Giving voice to marginalized genders, counternormative sexualities, and differentially racialized brown immigrant bodies, “Out on Main Street” and “Upside-downness” direct the reader’s attention to the historical specificities of displacement and oppression. The relationality of race, gender, and differentialized ethnicity in Vancouver makes Mootoo’s narrators increasingly aware of the need to define themselves because they constantly find that they are already defined by their brownness. Thus, the narratives persistently trouble what is assumed to be self-evident about the identity of the narrators, that is, their Indianness. While both the Indians who immigrated to Canada from India and the white Canadians insist that the narrators erase their multiple and discrepant affiliations and perform standardized norms of Indianness, the narrators assert their resistance and their singularity through their narrations. Using oral modes of storytelling and Trinidadian English, they affirm their difference as products of particular histories and spaces. As the narratives progress, we find the narrators becoming increasingly aware of how they are positioned by specific practices of looking in Canada. They reciprocate by redirecting the reader’s gaze toward dominant discourses and bodies, and by insisting on being recognized as Indo-Trinidadians. In the process, they reveal how India travels from, and to, different diasporic locations. More importantly, they account for differences within the many Indian diasporic populations in Canada that might share a heritage but understand and experience diasporic consciousness differently.

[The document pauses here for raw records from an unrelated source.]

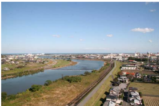
山国川と中津市街地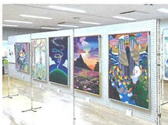
美術部 (高校・中等部)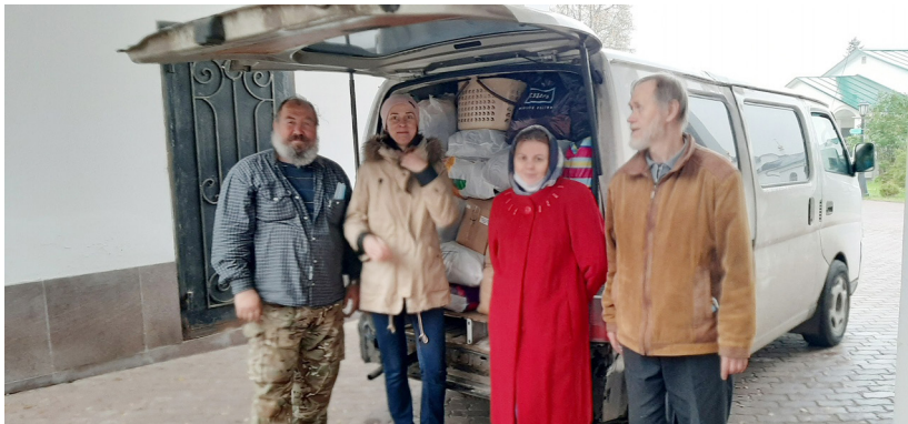
Волонтеры перед отправкой помощи в Ярославскую область

Разные люди приходят к нам в «Лавку добра». Бывает, что человек приносит ненужные вещи, а потом возвращается, но, уже желая послужить чем-то людям, сделать доброе дело для совершенно незнакомых людей, которым, быть может, еще больше, чем тебе в данный момент.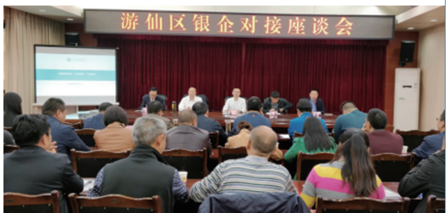
游仙区银企对接座谈会

此外，提出贷款期限内，支持随借随还的贷款方式，可通过企业网银、个人网银、个人手机银行、柜面等多种渠道完成贷款支用、查询、还款等操作。保障企业可以根据生产需要进行资金支用，解决了企业在资金困窘期的成本问题，降低了企业综合贷款成本，让企业得到了实惠，进一步促进了企业的发展。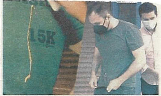
Manchan la ropa y se acercan a ayudar

Usan líquidos para manchar la ropa y acercarse a la víctima para ofrecer ayuda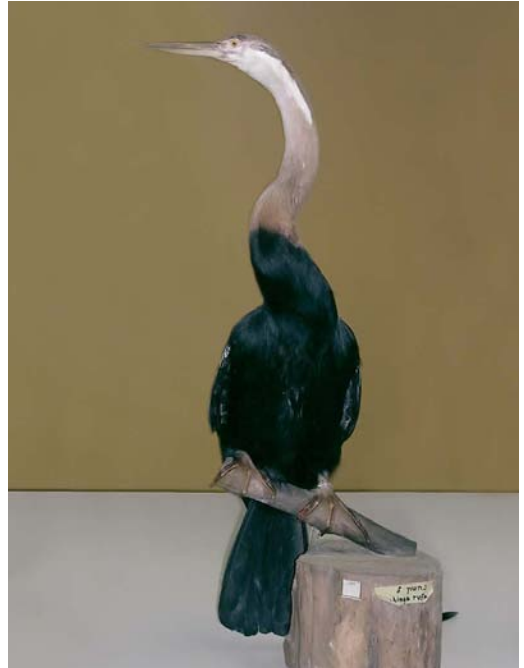
301-302 African Darter / Afrikaanse Slangenhalsvogel Anhinga melanogaster rufa , adult-winter male (collected at Hula valley, Israel, on 30 September 1950), National Museum of Natural History of Tel Aviv University, Tel Aviv, Israel, June 2006 ( Tsila Shariv )

rivers Euphrates and Tigris), in southern Iraq and neighbouring Iran. These birds are supposedly still mostly resident in Iraq. Scott & Evans (1994) summarized the historical records in Iraq. It was supposedly quite common in the early 20th century with many found nesting in various parts of the marshes. However, by the 1940s, it was already considered a scarcer and more localized species by some sources (Scott & Evans 1994).

In illustrating how India travels from the homeland to the diaspora and from one diaspora to another, “Out on Main Street” and “Upsidedownness” deftly interrogate nationalist models of thinking and dwelling. Mootoo’s queer immigrants make evident the tenuous nature of the Indian diaspora’s links to India, effectively foiling the linear mapping of specific bodies on to nations, of brown skin with India. Their multiple negotiations of Indianness in Canada redefine Indianness as doing — performing specific cultural scripts — rather than as being Indian. In the process, they render “home” not as the idealized, forever lost Indian or Trinidadian past, but as a home produced in the context of living in Canada. Calling on readers to “imagin[e] a more heterogeneous sociality” (Ahmed 113), the stories insist on a rethinking of dominant notions of hospitality in order to work toward making the future habitable.